The original infrastructure was a single Oracle database, running in a single data center, with two tables powering two services: one for storing the messages, which included all the business logic for messages for multiple LinkedIn products, and one responsible for the different ways the messages could be delivered — push notifications, different email formats, and tracking they were received.
Over time, LinkedIn added new data centers and switched to distributed data storage with sharded architecture using its own NoSQL JSON database, Espresso. Scaling out brought its own complexities though; different mailboxes were divided between shards with a Personal Data Routing service keeping track of whose inbox was on which shard and bi-directional replication putting a copy of each shard into a different data center in case of availability issues.
There was a major product redesign in 2016 and LinkedIn kept adding more features, eventually changing the name to Messaging. But it was still built on a data architecture designed for email-style conversations between two people, using a codebase that was over ten years old, making made it hard to shard the data correctly for scaling, with critical business logic still embedded in code in the message store.
Untangling the Mess
The infrastructure team is involved when any of the LinkedIn product teams want to add features to messaging — sometimes writing the code for them or working with them on development — and was responsible for maintaining all that new code in production. But while they owned the code, different product teams owned the business logic, the reasoning behind it and the decisions about making any changes to it.
The messaging platform supports five different LinkedIn lines of business: the consumer web site, the “talent solutions” for HR and hiring teams which offer one kind of email messaging, the sales solutions which offer a different kind of email, LinkedIn’s marketing solutions and the premium service which has premium messaging options (plus a few other internal clients). All those products have their own business rules for how to handle their specific features in messaging.
“All of those business use cases existed in a single codebase that the messenger team was responsible for the long term maintenance of,” Lavery told us. “As the company expanded, as we added more lines of business over 17 years, the use cases got more complex, and they got more numerous, which was really difficult for our engineers.
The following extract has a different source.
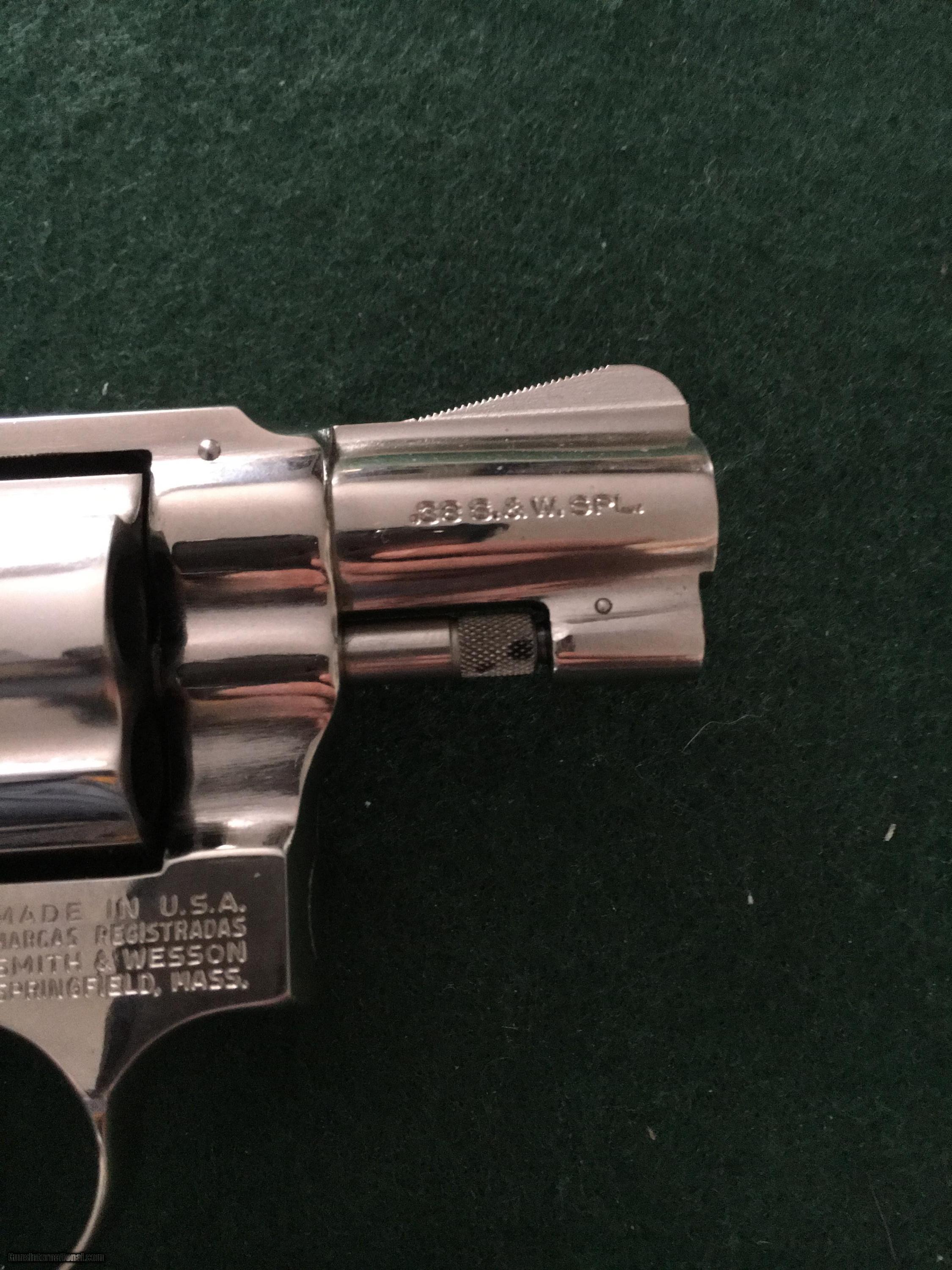 Description: 1-203-880-4549 For OFFERS or questions. Please contact us to negotiate a price. Hometown FFL Monroe, CT 06468 Much nicer looking in person. Pictures are not the best quality. Smith and Wesson Model 49 .38 spl serial # j8XXXXX Original numbered box. Extra set of black rubber grips. Papers, cleaning tool in wrapper, and extra black grips. No scratches, pitting, rust. Action tight, lines up right and barrel has nice grooves. Barrel has no pitting, rust or blemishes. It needs to be cleaned up to make it shine more than it does now. Pictures are not the best. Shipping $25 USPS Insurance extra. Accept check/charge/money order. Add 2.5% for charge use. SOLD |

No one could fully understand every business use case that happened in the platform.” Before the redesign, there were around sixty different pieces of custom business logic.
The infrastructure design made writing new code harder and slower than it needed to be, with developers getting overly cautious about the simplest of changes because more and more of the team’s time was being spent just keeping things running. “The maintenance costs consumed most of the engineering time.”
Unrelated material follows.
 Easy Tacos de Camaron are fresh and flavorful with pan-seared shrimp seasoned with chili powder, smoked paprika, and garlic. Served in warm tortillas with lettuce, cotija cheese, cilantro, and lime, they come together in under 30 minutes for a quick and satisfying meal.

Concerned that a new architecture could become just as much of a maintenance burden over time, the new platform didn’t just change the data architecture to focus on conversations and content rather than individual messages. It’s also designed as a plug-in infrastructure, with service ownership distributed between the infrastructure and product teams.
“We started to break up the content so that what could be shared was shared and what didn’t have to be shared was then isolated to a single service, and we designed our system around ownership of responsibility, and then backed up those services of responsibility with databases that provided that data.”
“We made sure that we could operate as a platform, agnostic to the business logic that is being executed upon us. From our perspective, the messages are just content and once you make that decision it’s easy to say ‘I’m just going to get the content and store it for you, and I’m going to retrieve it to you in the exact same condition you gave it’, and then they can render it as they want.”
The fundamental unit of messaging is no longer the whole inbox but conversations, which makes it easier to deliver fast search and retrieval times because conversations and messages can be broken up and spread across the database. Conversations are stored separately from the messages in them, with references back to the messages, to avoid “hot key” problems with very active database records that could slow the system down.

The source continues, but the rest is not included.